Police raid Open Russia opposition group

Russian police on Thursday raided the Moscow offices of opposition movement and website Open Russia, which is financed by exiled former oligarch Mikhail Khodorkovsky. 
Open Russia is financed by exiled former oligarch Mikhail Khodorkovsky (Photo: AP)
Open Russia is financed by exiled former oligarch Mikhail Khodorkovsky (Photo: AP)

MOSCOW: Russian police on Thursday raided the Moscow offices of opposition movement and website Open Russia, which is financed by exiled former oligarch Mikhail Khodorkovsky. 

Investigators also searched the homes of Open Russia employees in the early morning raids, the group said, seizing phones, computers and cameras.

Open Russia said a total of 17 addresses linked to its employees were raided. Stanislav Belkovsky, an outspoken analyst, said his home was also searched.

"Most were addresses where Open Russia employees are registered. Some of the properties had their front doors forced open, in others police simply asked where the employee is," Open Russia's statement said. 

"In some cases, electronic equipment and personal family belongings were confiscated."

Those targeted included Open Russia's editor-in-chief, the parents of the movement's chairman Alexander Solovyov, the website's administrator and the daughter of another employee. 

Solovyov said investigators linked the raids to the controversial 2003 tax evasion case against former oil giant Yukos, which led to Khodorkovsky's arrest. 

"I was in 8th grade then," Solovyov wrote on Twitter.

Russia's Investigave Committee said the raids were part of an investigation "into the main former shareholders and directors of YUKOS." 

It said investigators were looking for proof that Open Russia received financing from abroad, despite being banned from doing so in April this year when it was branded an "undesirable orgnisation" under a controversial 2015 law. 

"The Investigative Committee is searching the homes and offices of individual persons who are financed from abroad and via organisations under the control of Mikhail Khodorkovsky," they said in a statement.

Russia's pro-Kremlin channel Ren TV aired footage of one of the apartment raids, which showed an employee being pinned to the floor. 

The property belonged to Open Russia activist Nikolai Levshits, who said he had spent six hours with his hands handcuffed behind his back during the raid. 

Analyst under pressure
Later on Thursday, police raided the home of political analyst Belkovsky also in connection to the the Yukos case.
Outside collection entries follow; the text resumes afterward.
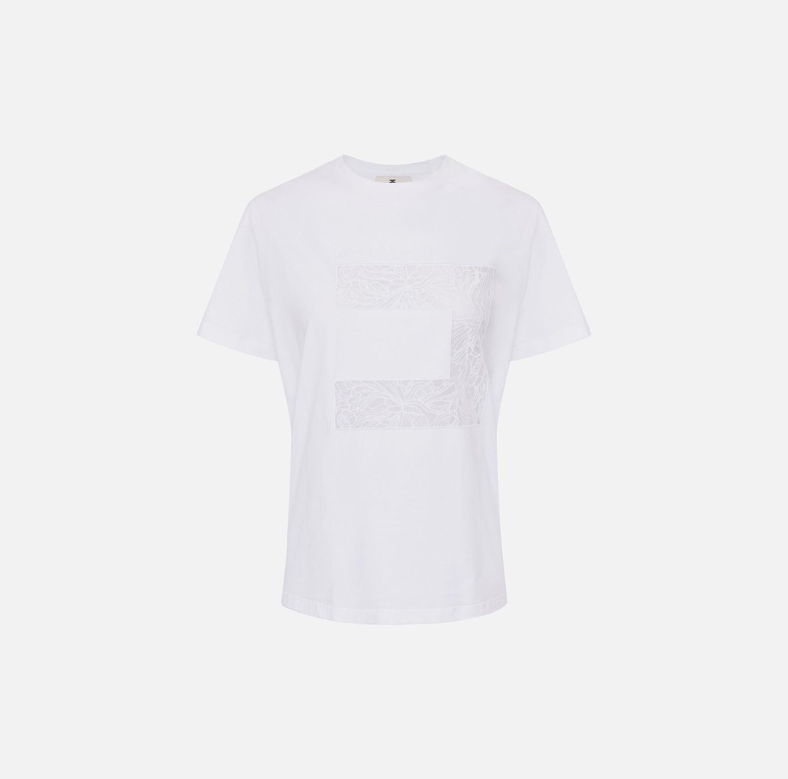 T-shirt realizzata in jersey di cotone, a maniche corte, caratterizzata da macro logo in voile ricamato che decora il davanti e il retro del capo con un tema floreale.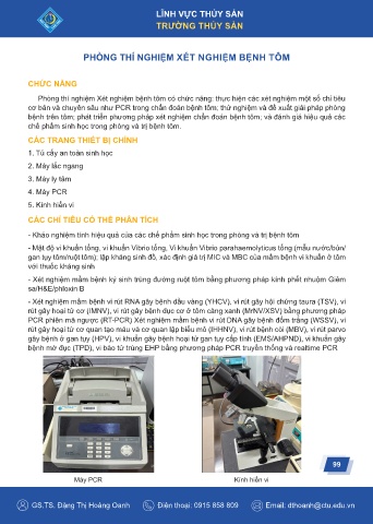 cơ bản và chuyên sâu như PCR trong chẩn đoán bệnh tôm; thử nghiệm và đề xuất giải pháp phòng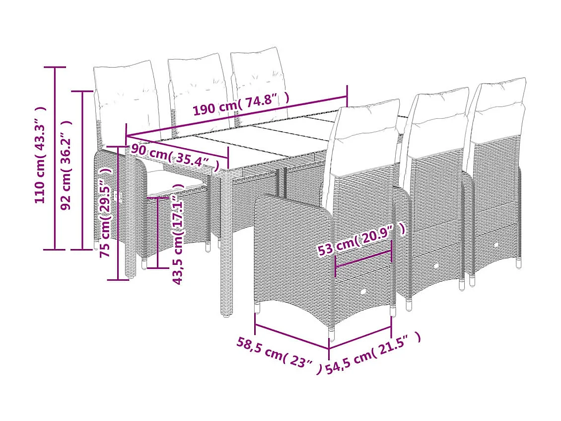 9 pcs conjunto bistrô de jardim c/ almofadões vime PE cinzento
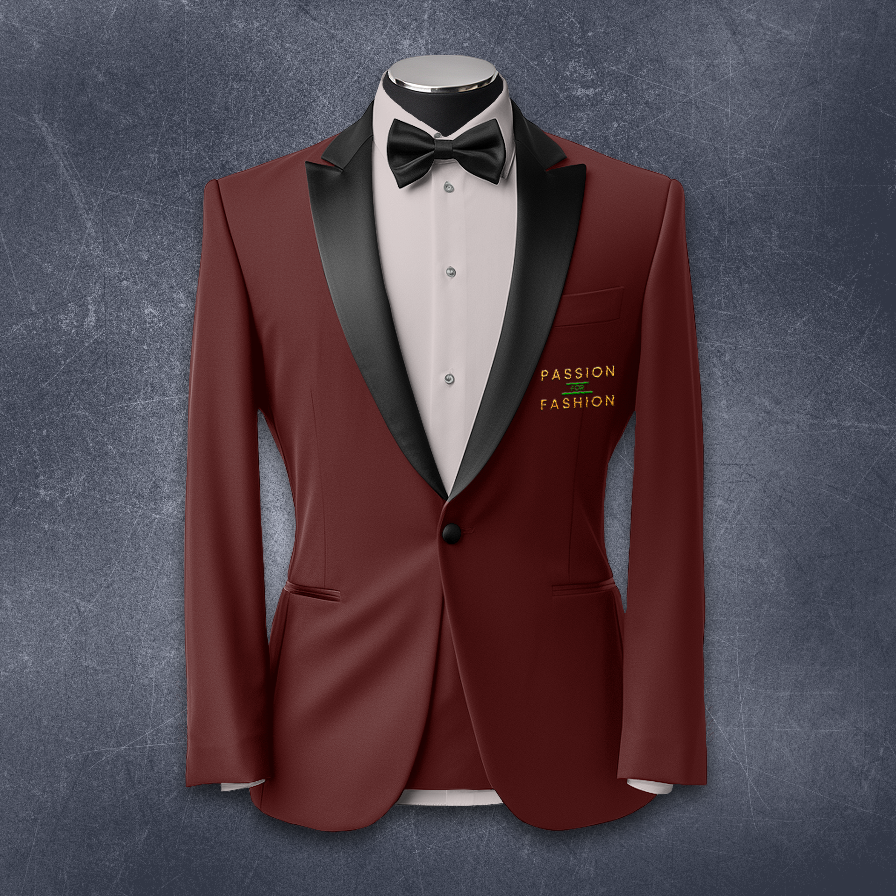 A formal maroon tuxedo with a black lapel and bow tie displayed against a textured gray background template.
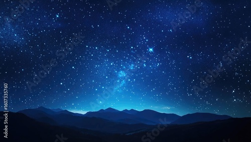 Night sky ablaze with stars over dark mountains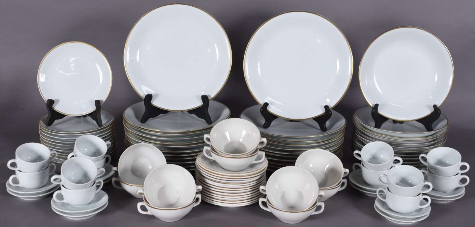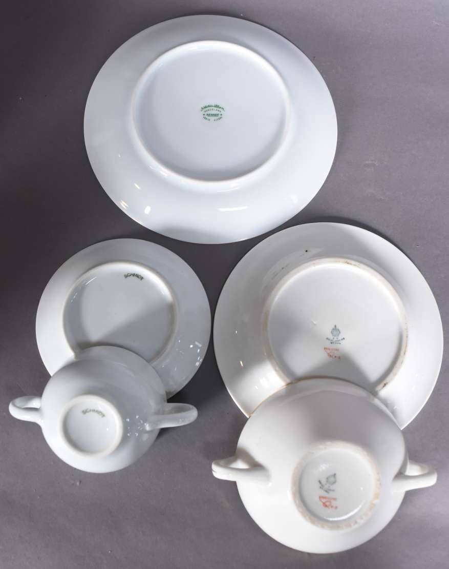 Conjunto de jantar de porcelana chinesa decorados com figuras de gueixas em policromia, composto de: 17 pratos rasos ...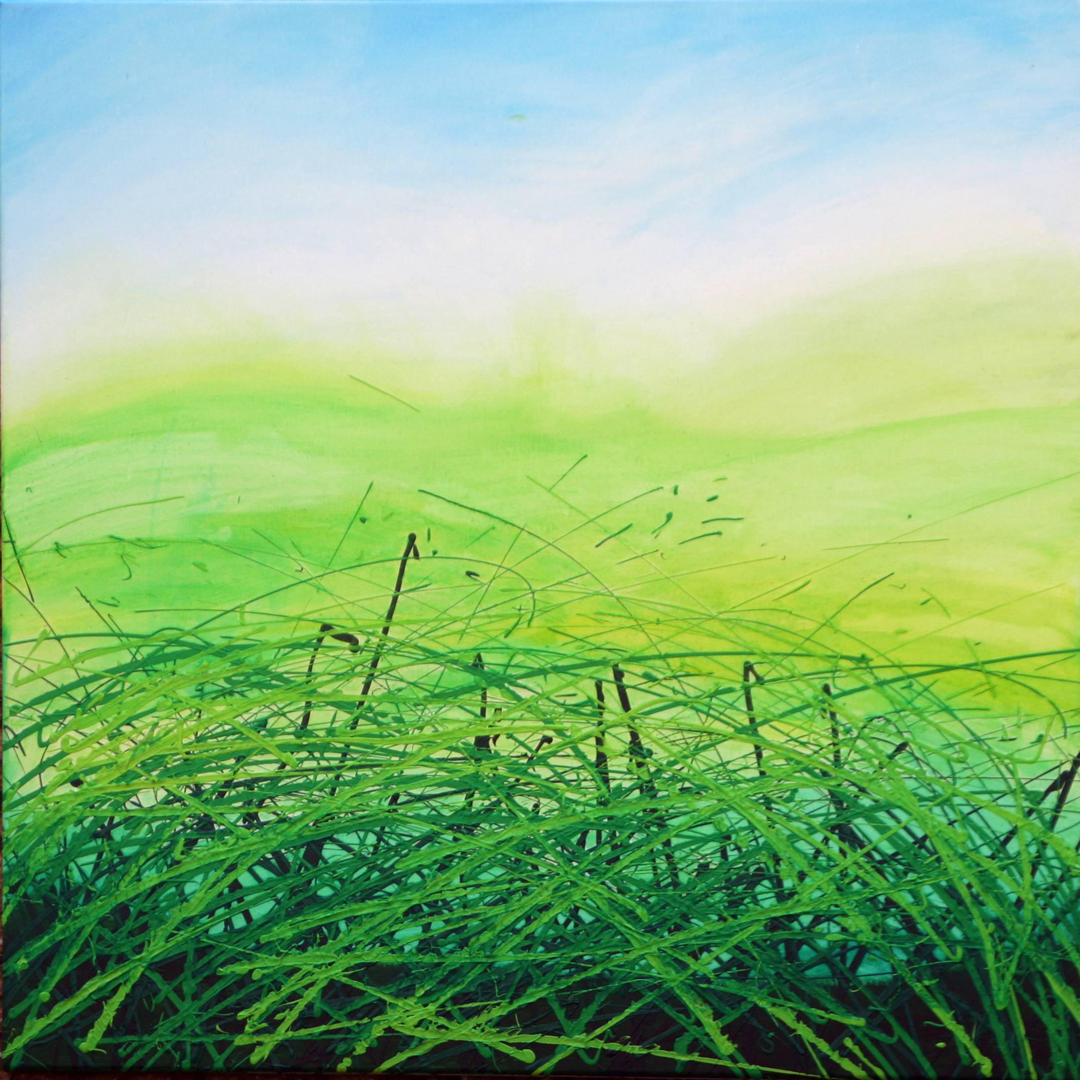 Na obrazie dominuje świeży, soczysty zielony kolor, który przekształca się łagodnie w jasny błękit nieba. Artysta wyraźnie postawił na prostotę i harmonię. Kompozycja jest spokojna, ale jednocześnie pełna życia. Trawy na pierwszym planie są narysowane z dynamicznymi pociągnięciami pędzla, które nadają im lekkości i swobody. Można niemal poczuć, jakby delikatny wiatr poruszał tą zieloną przestrzenią. Atmosfera jest radosna i optymistyczna. Przywołuje na myśl letnie popołudnia na łące. Styl dzieła wydaje się być nieco impresjonistyczny, choć oszczędny w środkach wyrazu. Sugestywność kolorów i form skłania do refleksji nad pięknem natury. A może to tylko sielankowy sen? Trudno powiedzieć. Anyway, to uczucie wolności jest jak świeży powiew. Niektórym ten obraz może kojarzyć się z dzieciństwem, z czasem, kiedy biegaliśmy beztrosko po trawie. "To wygląda jak podwórko u babci!" mogłoby powiedzieć dziecko. Ekspresja i prostota zarazem, jakaś nostalgia miesza się z radością. Przypomina mi, jak ważne jest cieszenie się małymi chwilami, które wcale nie są małe.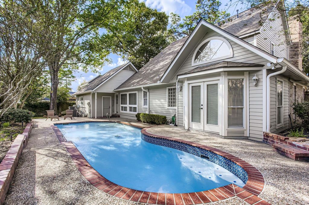 Sit back and relax on your charming front porch, peering toward the beautiful pond that is only steps away at the end of the cul-de-sac. This custom-built Weaver home features wood floors, a gas log fireplace, wet bar, and built-in cabinetry in the living areas. The kitchen and breakfast combo offer ample room to gather and plenty of storage space with beautiful built-ins. The primary bedroom downstairs has an attached home office/extended room and a remodeled bath with a huge walk-in shower. Step out to a private pool oasis in the backyard and enjoy a staycation every day. Newer A/C units, cooktop, windows, paint, carpet, PEX piping, and a new roof in 2025. Don't miss out on this beautiful home in one of the best locations in Kingwood!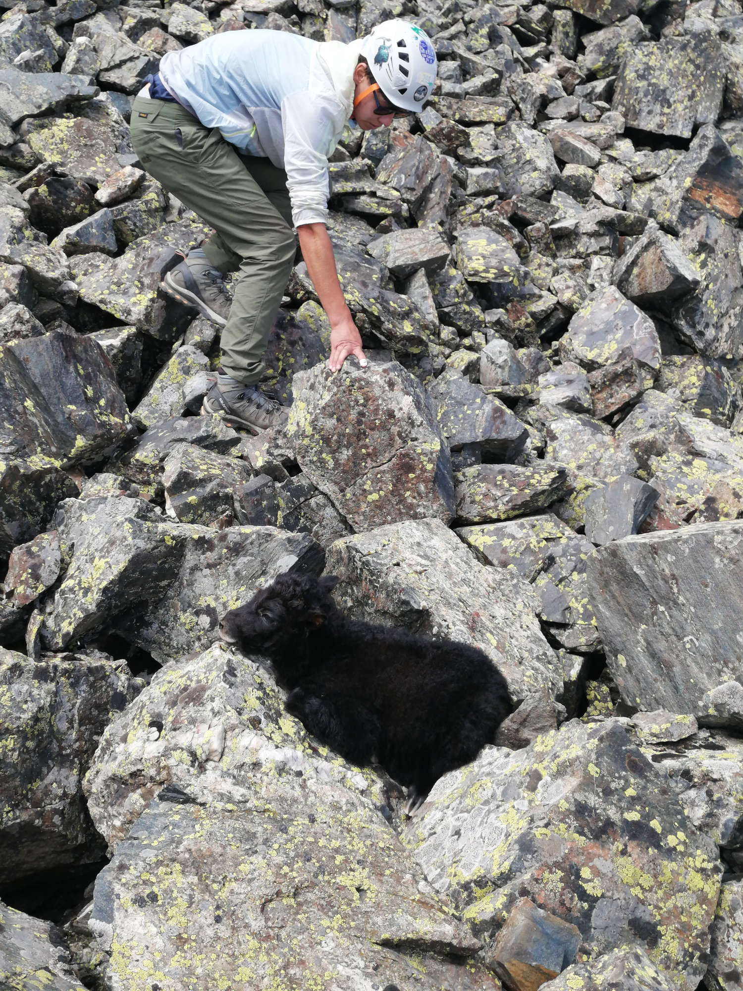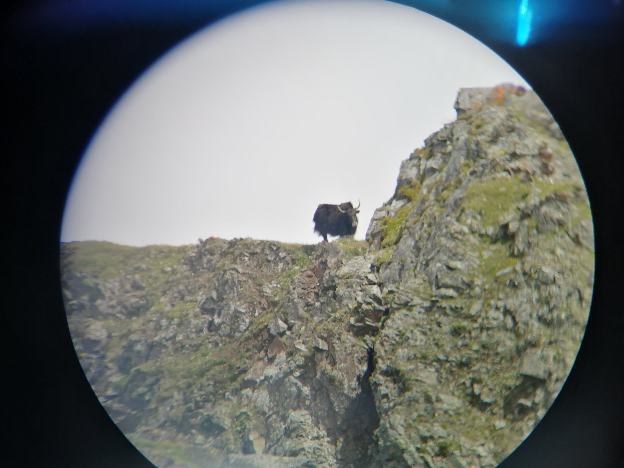 Пока мы ждали, яки уходили все дальше, и теленок сильно отставал от них: из-за своего размера ему было трудно передвигаться по крупной осыпи. Это выглядело забавно, но внезапно он застрял в камнях и не смог двигаться. Взрослые яки стремительно уходили вдаль.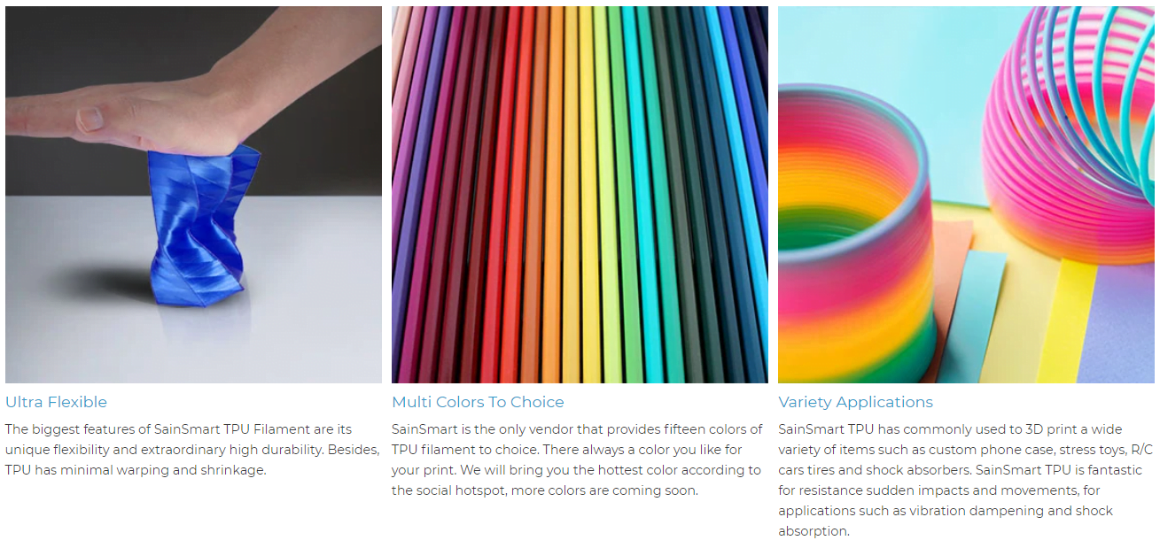 O TPU da SainSmart ganha popularidade entre a comunidade de impressão 3D pelo seu equilíbrio de rigidez e flexibilidade.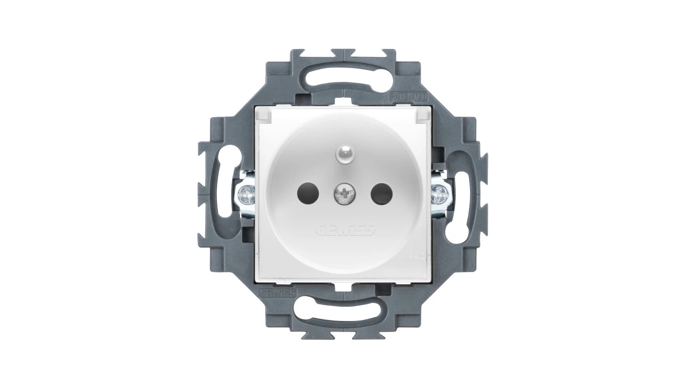 Gniazdo z klapką, z uziemieniem IP 40, 2P+E 16A z przesłonami styków, zaciski śrubowe, biały, Dahlia GW35213W

"Investigators wanted proof that I laundered billions from Mikhail Khodorkovsky's funds and used them to lead my own presidential campaign," Belkovsky told Russia's independent channel Dozhd TV, adding that the raid lasted around three hours. 

Khodorkovsky, the former Yukos boss who in 2014 re-launched his Open Russia charity to promote civil society in Russia, was arrested in 2003 for tax evasion and spent 10 years in prison before being pardoned by Russian President Vladimir Putin in 2013. 

He now lives in exile in Britain.

Open Russia has been targeted by Russian authorities in the past, and the Yukos case continues to be used to pressure Khodorkovsky's associates.  

In February, Russian authorities confiscated thousands of posters bearing Putin's face and the slogan "Enough", which Open Russia intended to use in a protest. 

In March, authorities raided the home of Open Russia journalist and rights campaigner Zoya Svetova. "This has nothing to do with Yukos. They want to scare me," she said at the time. 

Writing on Twitter, Khodorkovsky linked Thursday's raids with Putin's 65th birthday on Saturday when jailed opposition leader Alexey Navalny is planning nationwide protests. 

"In time for Putin's birthday!" he wrote.